Here, I have implemented several classes to make the process of topic modelling easier:
- Bookshelf: It consists several book object (from class Book). Bookshelf enable managing one or multiple book and transforming their contents into dictionary and pandas dataframe format.
- Book: It consistent of processed information of a book. A book has a name, a reference to text file containing the textual contents, and some additional metadata such as how to trim the unwanted text from start and end of the textual content, how to divide it into parts (based on starting sentence or heading of each part) and finally how identify the paragraphs - here default is just by splitting based on tab '\t', having a certain a minimum threshold of word counts.
- Processor: It's a class that orchestrate a series of preprocessing steps. This can be configured to make a suitable pipline.

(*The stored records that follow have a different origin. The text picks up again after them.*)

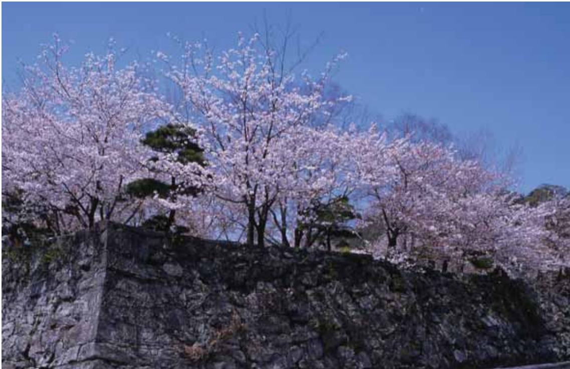
しろやま ひろ こうえん むかし しろ さくら めいしょ 城山とそのまわりに広がる公園。昔、城があった。桜の名所。
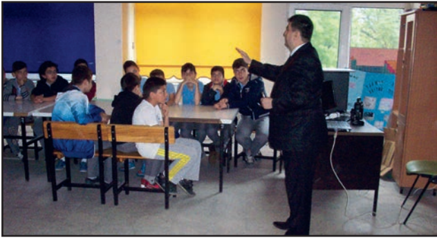
Bartın Hendekyanı Ortaokulu

25 Nisan 2016 tarihinde Hendek Yanı Ortaokulu'nda stant açılarak öğrencilere VGM tarafından gönderilen broşür ve hediye kiti dağıtıldı. Bilim, Sanayi ve Teknoloji Bakanlığı'nın verimlilik konusundaki çalışmalarının anlatıldığı sunumun ardından verimli ve etkili ders çalışma yöntemleri hakkında bir başka sunum gerçekleştirildi. Üçüncü sunumda ise Ar-Ge verimlilik ilişkisi ve ilgili kavramlar hakkında öğrenciler bilgilendirildi.
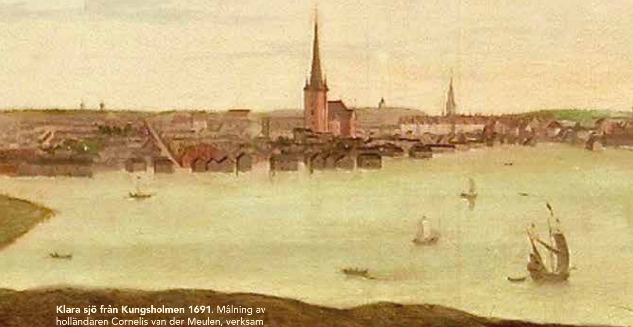
Klara sjö från Kungsholmen 1691. Målning av holländaren Cornelis van der Meulen, verksam i Sverige från slutet av 1670-talet. Målningen är beskuren på båda sidorna. Wikiwand.
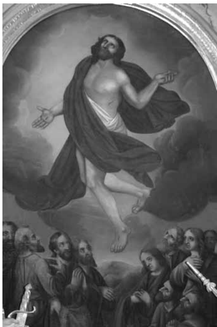
Slika Gospodovega vnebohoda v Bogojini

Pri vnebohodu gre za dovršitev Kristusovega vstajenjskega poveljanja. Praznik nam živo kliče v spomin, da tista Luč, ki je zasijala v velikonočnem jutru, nikdar več ne bo ugasnila. Jezus je »šel v svojo slavo« (Lk 24,26), »in njegovemu kraljestvu ne bo konca« (nicejsko – carigrajska veroizpoved). Slava, ki jo je Kristus dosegel, je tudi naša slava. Nebesa so prostor v Božjem veličastvu, pripravljen tudi za nas (prim. Jn 14,3).
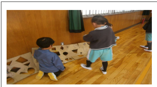
工夫して みんなで作った 秋祭り (1年)
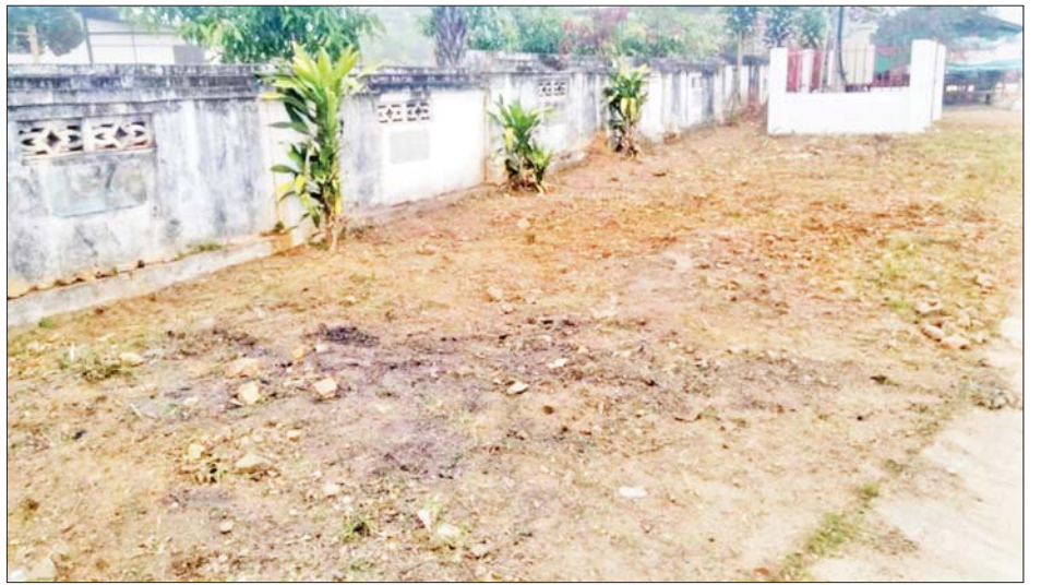
မိုင်းခတ်မြို့ အမှတ်(၁)ရပ်ကွက်ရှိ ကမ္ဘာ့ဌာနကျောင်းလမ်းဘေး၌ သန့်ရှင်းရေးမဆောင်ရွက်မီနှင့် ဆောင်ရွက်ပြီးစီးမှုကို တွေ့ရစဉ်။
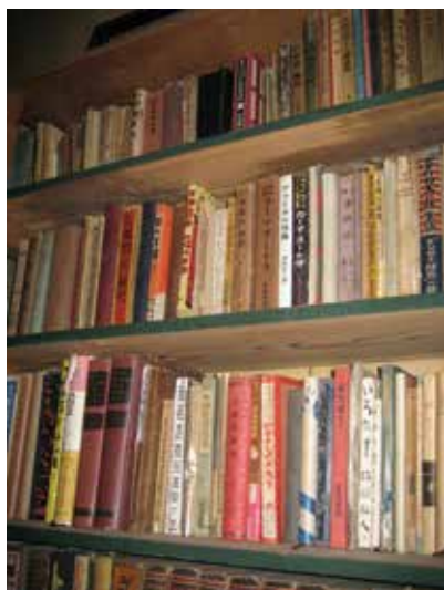
写真10 森羅万象窟の書棚

一部屋を「森羅万象窟」とも「奥の院」ともよんで、性崇拜の蒐集や研究、道楽絵はがきや判じ絵作りなどを楽しんだ。
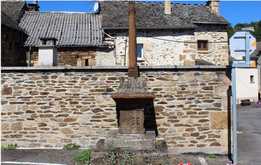
Croix remarquable à Badaroux (48) (FS - OTI Mende)
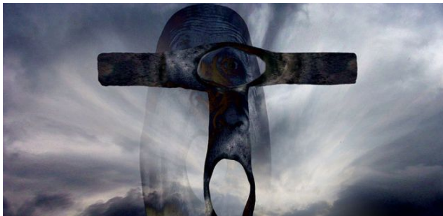
Zdzisław Beksiński, Fotomontaż komputerowy bez tytułu, 2000-05 r., fragment
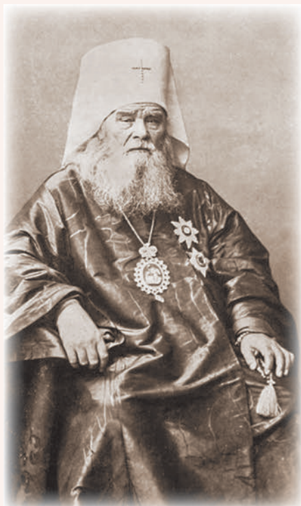
Митрополит Московский Иннокентий (Вениаминов)
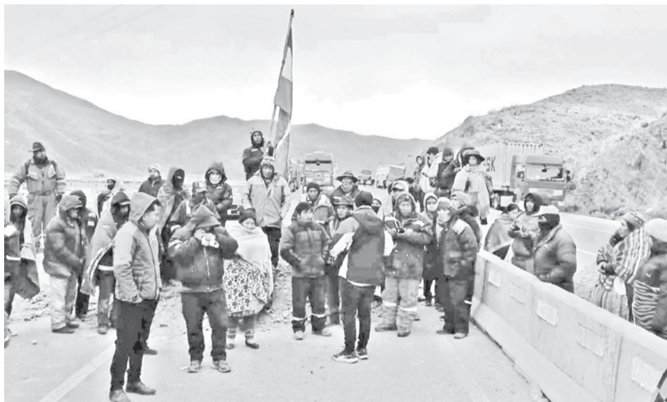
Seguidores de Evo Morales marchan rumbo a La Paz desde Caracollo, ayer.

Los campesinos exigían una solución a la dotación de combustible de mala calidad, pero ahora hay grupos que demandan la renuncia del presidente Rodrigo Paz. El bloqueo de carreteras afectas también a los municipios vecinos de La Paz:
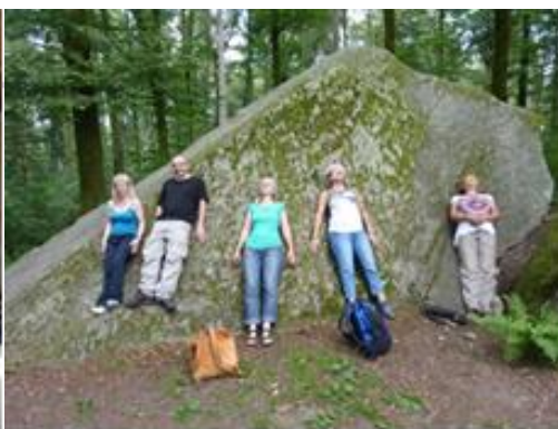
An Kraftorten Energien Spüren
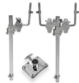
Einzel- od. Doppeltomhalter mit G4946 Rosette
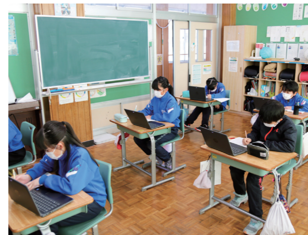
「相棒」となる日は近い(伊南小学校)

3月3日の3校時...3が3つ並ぶタイミングで、全校生が体育館に集まりました。真心が込められた案内状で、手作りの装飾が施された会場に招待される6年生。在校生は準備と練習を重ねたクイズや歌、プレゼントなどを贈り、これまでの感謝の気持ちを伝えます。春の日差しのように温かく、楽しい時間を過ごすことができました。
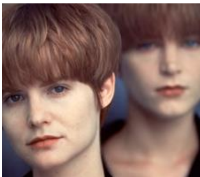
Single White Female (Barbet Schroeder, 1992)

És productor còmplice de la Nouvelle Vague i els seus films com a director, rodats a mig món, alternen el documental amb la ficció per retratar arreu del món personatges inquietants: dictadors africans, escriptors alcohòlics, milionaris sospitosos, narcotraficants colombians o advocats propers al terrorisme.
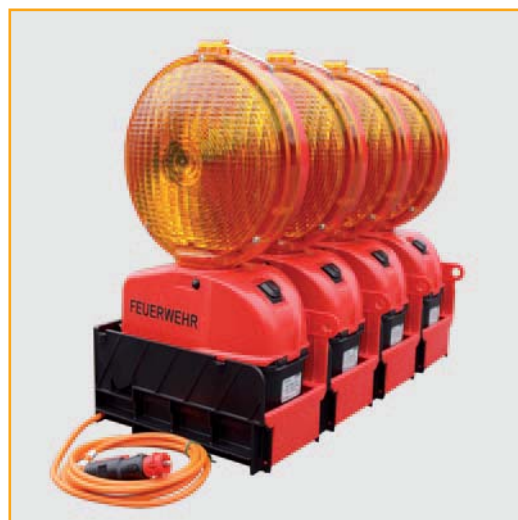
Leuchten als 4-fach Anlage in Ladeschale
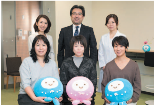
座談会にご協力、ご参加いただいたみなさん。
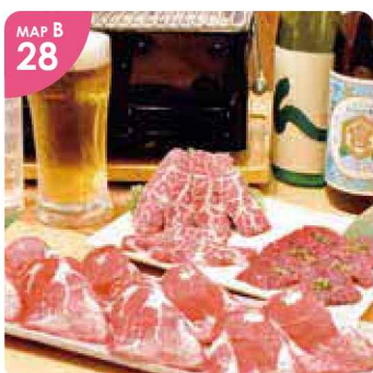
MAP B 28 ▲綺麗に盛り付けられたお肉はどれも絶品!
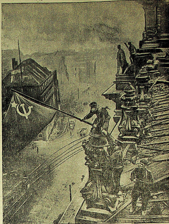
2 мая 1945 года части Советской Армии полностью овладели столицей Германии — Берлином.

На сцене: воздвигли знамя Победы над германским рейхстагом в Берлине.
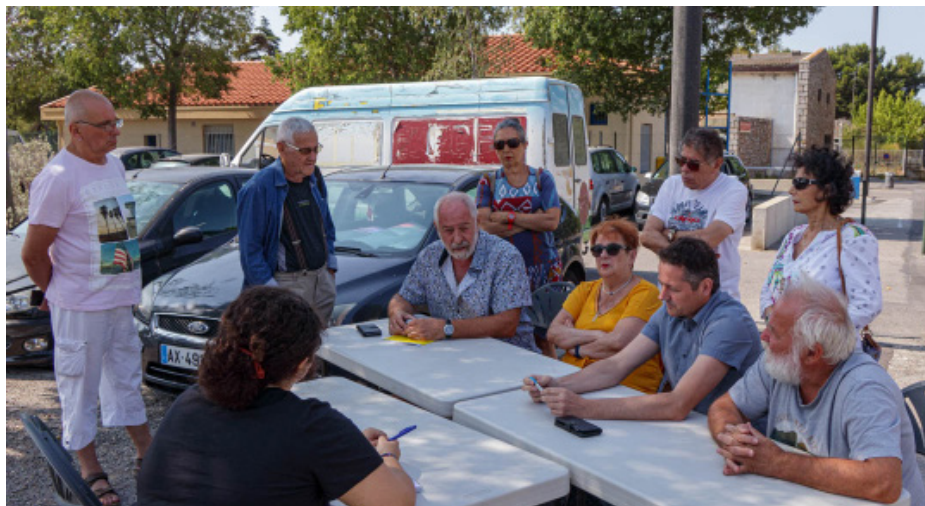
Au Champ de Mars, la direction fédérale du PCF66 et une délégation de la section de Perpignan ont présenté le plan de réconciliation par l'égalité républicaine.

Les communistes des P.-O. ont choisi ce quartier de Perpignan pour présenter leur pacte de réconciliation.

- LDAModel: LDA model a wrapper class Gensim that take a pandas dataframe format from bookshelf, perform preprocessing, plot c_v and u_mass measures to help you find optimum number for number of topics and finally create topics and label the dominant topic and the percentage of contribution of the dominant topic for each paragraph
- Sentiment: is a class with several functions that takes a paragraph and derive the sentiment results from flair.
- BookVis: This class combines the results of LDA model and sentiment model with the hierarchy captured in Bookshelf: shelf > books > parts > paragraphs and create several plots in each level.
- pandas
- gensim
- matplotlib
- seaborn
- pyLDAvis
- flair
- spacy (run: 'python -m spacy download en_core_web_md' after installation)
- wordcloud
- plotnine (run: pip install 'plotnine[all]')
- itable
4 sample books are automatically downloaded from Project Gutenberg:
- A Christmas Carol (Charles Dickens)
- Crime and Punishment (Fyodor Dostoyevsky)
- Alice's Adventures in Wonderland (Lewis Carroll)
- Metamorphosis (Franz Kafka)
You can use the implementation (partially or completely) to analyse sentiments in books and identify topics using LDA.
Check the provided notebook on how you can create bookshelf and analyse the content of all and each of the books.